DATA:
※

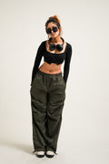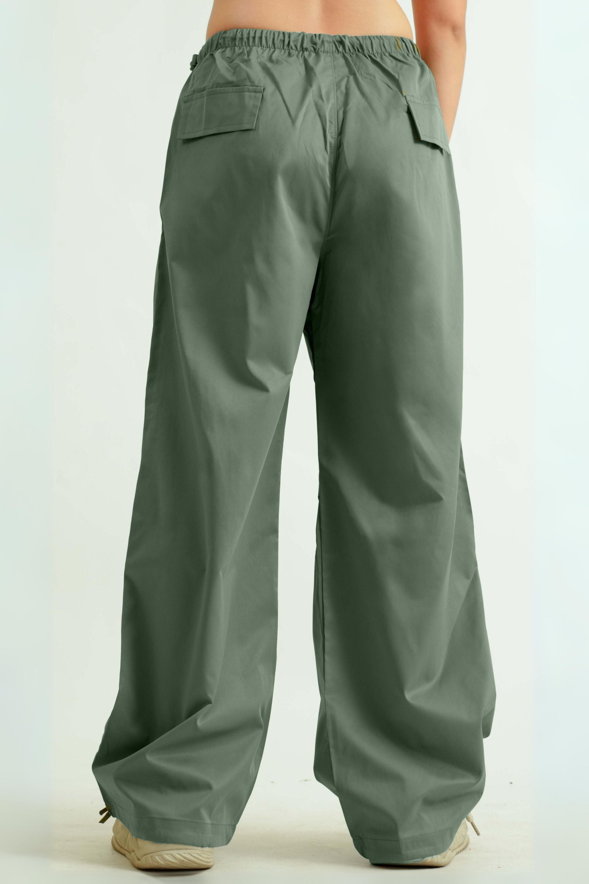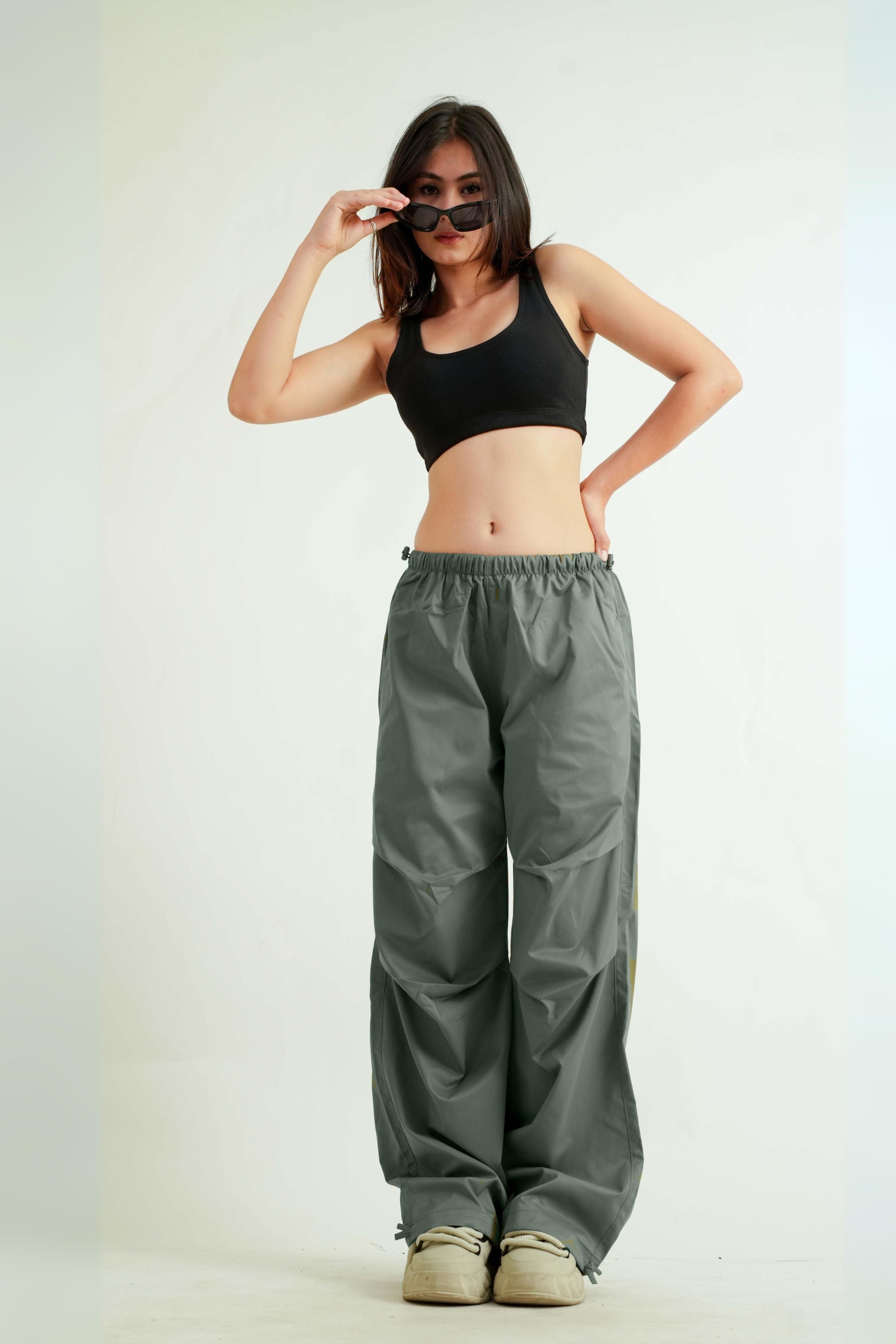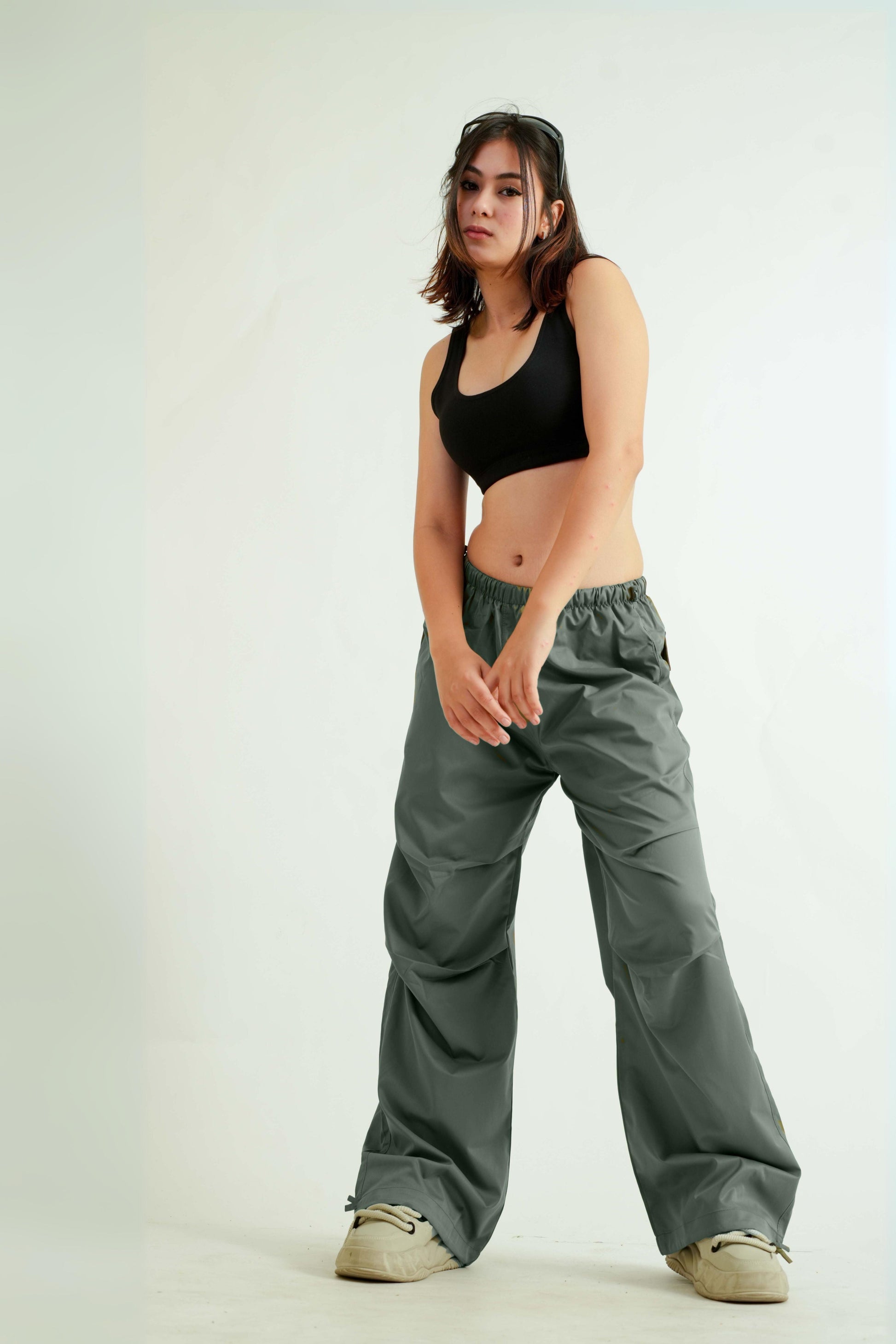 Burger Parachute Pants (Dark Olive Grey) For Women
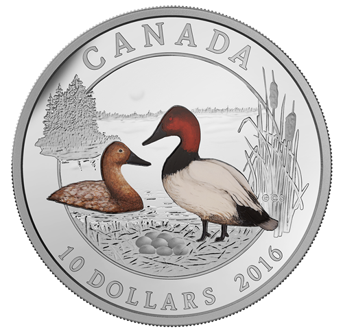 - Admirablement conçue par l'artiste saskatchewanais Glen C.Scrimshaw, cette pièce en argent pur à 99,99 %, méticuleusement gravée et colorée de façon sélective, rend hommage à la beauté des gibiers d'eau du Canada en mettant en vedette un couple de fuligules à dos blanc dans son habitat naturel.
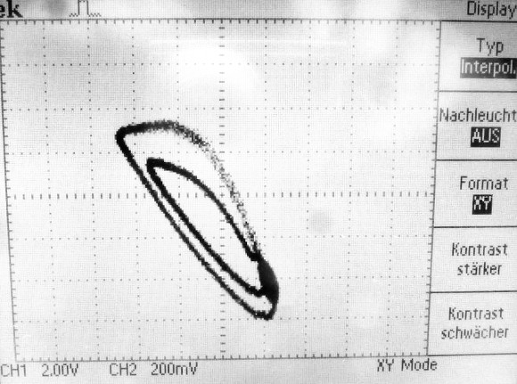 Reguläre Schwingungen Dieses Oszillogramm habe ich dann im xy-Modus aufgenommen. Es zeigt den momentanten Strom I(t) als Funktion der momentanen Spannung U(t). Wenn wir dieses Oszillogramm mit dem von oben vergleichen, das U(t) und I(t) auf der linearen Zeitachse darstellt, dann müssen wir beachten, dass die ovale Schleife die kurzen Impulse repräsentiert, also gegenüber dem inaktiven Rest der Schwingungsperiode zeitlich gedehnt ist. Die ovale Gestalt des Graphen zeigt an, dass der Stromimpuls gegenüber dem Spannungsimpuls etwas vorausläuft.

※

ASSIGNMENT:
Please return exactly the lines above, from where the listing starts to the line holding "- Admirablement conçue", inclusive, with the pictures omitted.

RESULT FOR THIS EXERCISE:
 Burger Parachute Pants (Dark Olive Grey) For Women
 - Admirablement conçue par l'artiste saskatchewanais Glen C.Scrimshaw, cette pièce en argent pur à 99,99 %, méticuleusement gravée et colorée de façon sélective, rend hommage à la beauté des gibiers d'eau du Canada en mettant en vedette un couple de fuligules à dos blanc dans son habitat naturel.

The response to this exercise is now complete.